A USA Today analysis last week showed that the number of federal workers earning $150,000 or more per year has soared tenfold in the past five years and doubled since Obama took office.

But the American Federation of Government Employees, the largest union for federal employees and a staunch supporter of the president, rejects the notion that federal workers make more than their private-sector counterparts.

"There has been a concerted campaign by corporate-influenced groups and others to introduce the dangerous lie that federal employees are 'overpaid' relative to their private sector counterparts," union president John Gage said in a written statement.

Gage cited statistics from the Labor Bureau that showed federal salaries lag behind those in the private sector for almost all jobs in almost all locations throughout the U.S.

And AFGE spokeswoman Christine Erling said AFGE "vigorously opposes any efforts to freeze federal hiring and cut federal employees' pay."

"We have made and will continue to make our opposition to these types of punitive proposals known to the Obama administration as well as to the Congress," Erling said in an e-mail to FoxNews.com.

Supporters of federal pay rates note that the highest paid federal workers, such as doctors, lawyers and nuclear engineers, are earning well below market price. But the Heritage Foundation has estimated that taxpayers would save $47 billion if federal workers were paid at the same rate as private sector employees.

The White House did not respond to an e-mail seeking an interview, but unions, which represent more than 600,000 federal employees and total about 60 percent of the government workforce, put Obama in a politically difficult position if he wanted to seek a compromise with Republicans on the issue.

Labor was critical in mobilizing voters and getting them to cast ballots for Obama in 2008 but turnout dropped in the 2010 midterm in part because many union workers didn't see Obama go to bat for their initiatives, Masters said.

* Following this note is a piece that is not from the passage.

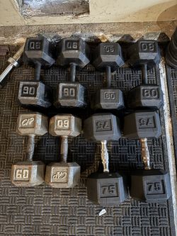 Rubber hex dumbbells pairs for 100,90,80 weights 570lbs total$500Moreno Valley, CA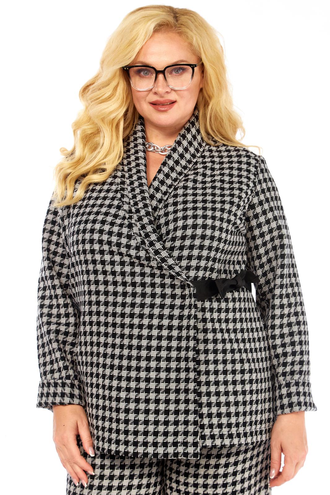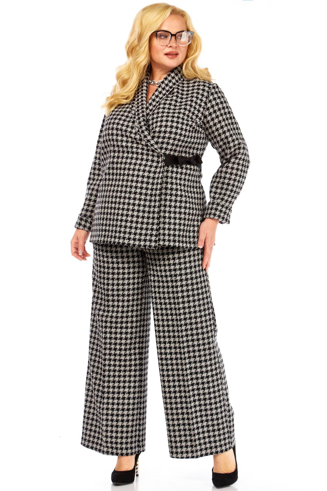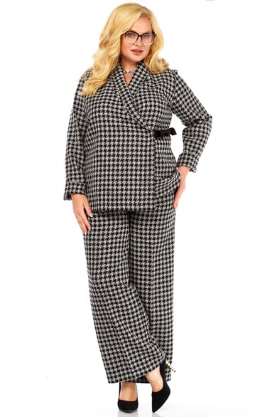 Длина жакета 72 см, рукав с учетом манжеты 62 см, манжета 12 см. Длина брюк по боковому шву с учетом пояса 106 см.

"I don't think those memories are lost upon him," he said. "He will need the support of labor in 2012."

Masters said that Obama will be under "intense" pressure to freeze hiring and pay in the federal workforce.

"It's a relatively easy thing to do -- a stroke of the pen and say, I'm going to freeze hiring, cap pay, and everybody is going to say, hip hip hooray -- jump for joy and not think about what it means," he said.

But, he suggested, Obama may just want to try to explain why he opposes a hiring freeze.

"What are you going to do if you have 1,000 air traffic controllers retire tomorrow morning? What are you going to do? But you don't want planes to be delayed. What's the economic consequence of that?" he asked by way of example. "It's going to have some impact."